Part of the answer came from experience on a project where we gradually built this approach, and I’d like to share it with you now. It resulted in a perspective on two paths you can take when developing with AI - and why one of them is significantly more sustainable.
Guided vs. Unguided Use of AI
I believe that the use of AI in development can be either guided or unguided. The unguided approach is what is often - and rather pejoratively - called vibe-coding. It’s a state where the developer lets artificial intelligence lead, accepts its suggestions without deeper verification, and essentially just “clicks through” the results. It may work for prototypes or one-off scripts, but it’s not sustainable for production development.
The guided approach - which I call agentic development - is based on a different principle. The developer systematically builds the context in which the solution is created. AI agents are then viewed as functions that produce quality outputs from well-prepared inputs.

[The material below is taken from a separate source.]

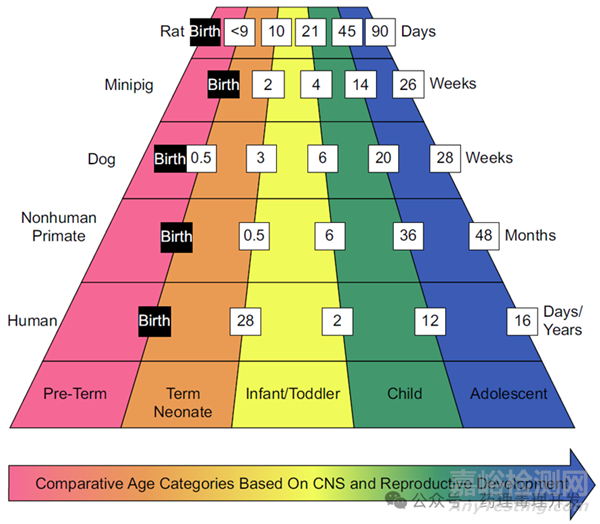 研究用動(dòng)物所屬年齡段與臨床擬暴露人群的年齡應(yīng)該具有可比性,給藥起始年齡應(yīng)與臨床擬用最小年齡相當(dāng)。下圖是不同種屬動(dòng)物和人體年齡對(duì)比示例圖。

This creates a repeatable process that can be audited and iterated upon.
Practice: Building a Video Archive
To avoid speaking only in abstractions, I’ll describe a concrete case from a project for one of our clients, where we’re developing a system for managing manufacturing processes.
On this project, a requirement emerged for a video archive. The system has N cameras monitoring the manufacturing process. For each camera, there can be M archival tasks. Video is stored in hourly blocks in object storage, to which the client has direct access. The key complexity lay in playback - archive navigation is entirely arbitrary: jumps of any size forward and backward, playback at various speeds forward and in reverse.

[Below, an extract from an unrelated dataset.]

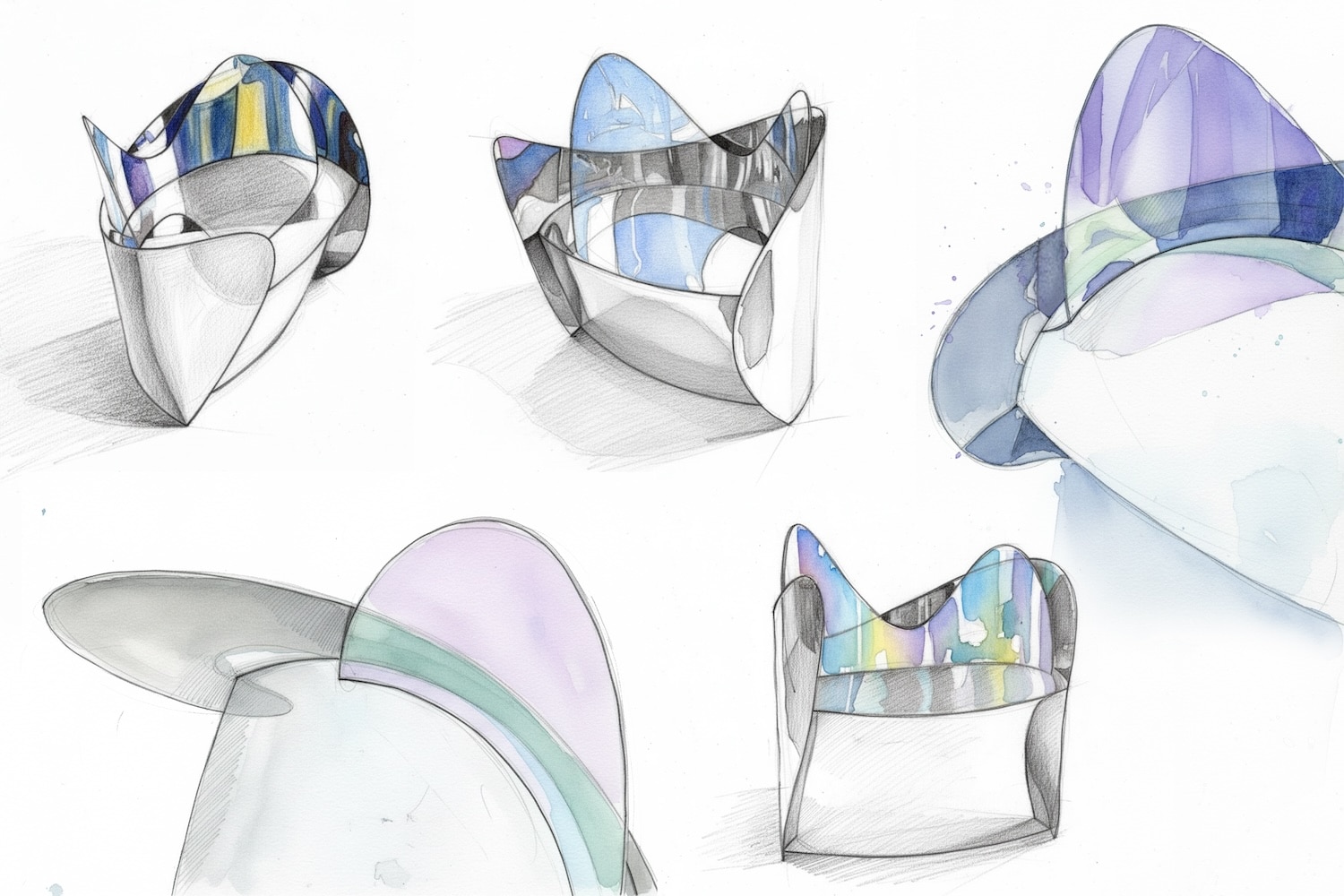 Ce qui mérite attention dans la démarche d’ODA LIK, c’est que le processus de conception intègre la matière dès le départ. Les croquis initiaux ne sont pas de simples études : ils posent les relations entre courbes, reflets, couleurs et perception. La forme et le matériau co-évoluent. Cette approche est assez rare pour être soulignée elle suppose une connaissance fine des comportements du verre dichroïque et de l’acier selon les conditions d’éclairage, et une capacité à anticiper des effets optiques qui ne se révèlent pleinement que dans l’espace réel.

Previously, I would have estimated such functionality at half a year of work for a large team. In this case, most of the work was completed in approximately 3 sprints.
How Did We Do It?
The entire process had five phases, in which artificial intelligence played a fundamental role.
1. Requirements
At the beginning was a rough specification of approximately 1.5 A4 pages. It wasn’t anything extensive - use cases were listed with short descriptions. What’s important, though, is that the document also captured the basic expectations of the end user.
2. Design
We took this specification and began brainstorming the architectural design with the help of AI. An ADR (Architecture Decision Record) was created in Markdown, which I worked on for about 4 hours - basic objects, diagrams, and an idea of how the components would communicate. Then I let it “snowball”: AI generated technology proposals that would meet the requirements, compared them against each other, and I validated whether the comparisons matched the facts. During this phase, a draft of the playback logic for the client was also created.
3. Prototype
Very quickly after that, a prototype emerged - backend in Python, frontend in Flutter. The prototype served to validate the playback logic, and of course it wasn’t right the first time. We identified incorrect assumptions and iterated between the ADR and the prototype until we eventually arrived at a functional and maintainable design.
4. Planning
Once the technical specification was ready, we supplemented the agent’s context with descriptions of the repositories and already completed parts of the system. Then we tasked it with breaking down the work. It generated features (the first level of the backlog), which it then further attempted to break down into tasks. Not everything worked perfectly - the breakdown into tasks was less reliable than the breakdown into features - but it significantly accelerated backlog preparation compared to classic grooming with the entire team.
5. Implementation
The resulting tasks with clearly prepared context could be assigned directly to agents. This phase was still partially manual for the first functionality, but for subsequent ones, it became apparent that agents could handle most of the work based on the prepared specifications.
Result
The process described above multiplied the development speed. I believe that in all phases, it’s possible to leave at least 80% of the work to AI. Activities like planning and design (of a single work package) no longer need to be performed by the entire team. A single responsible person who brainstorms with AI can handle them. The output is then validated with the product and technical leadership of the project.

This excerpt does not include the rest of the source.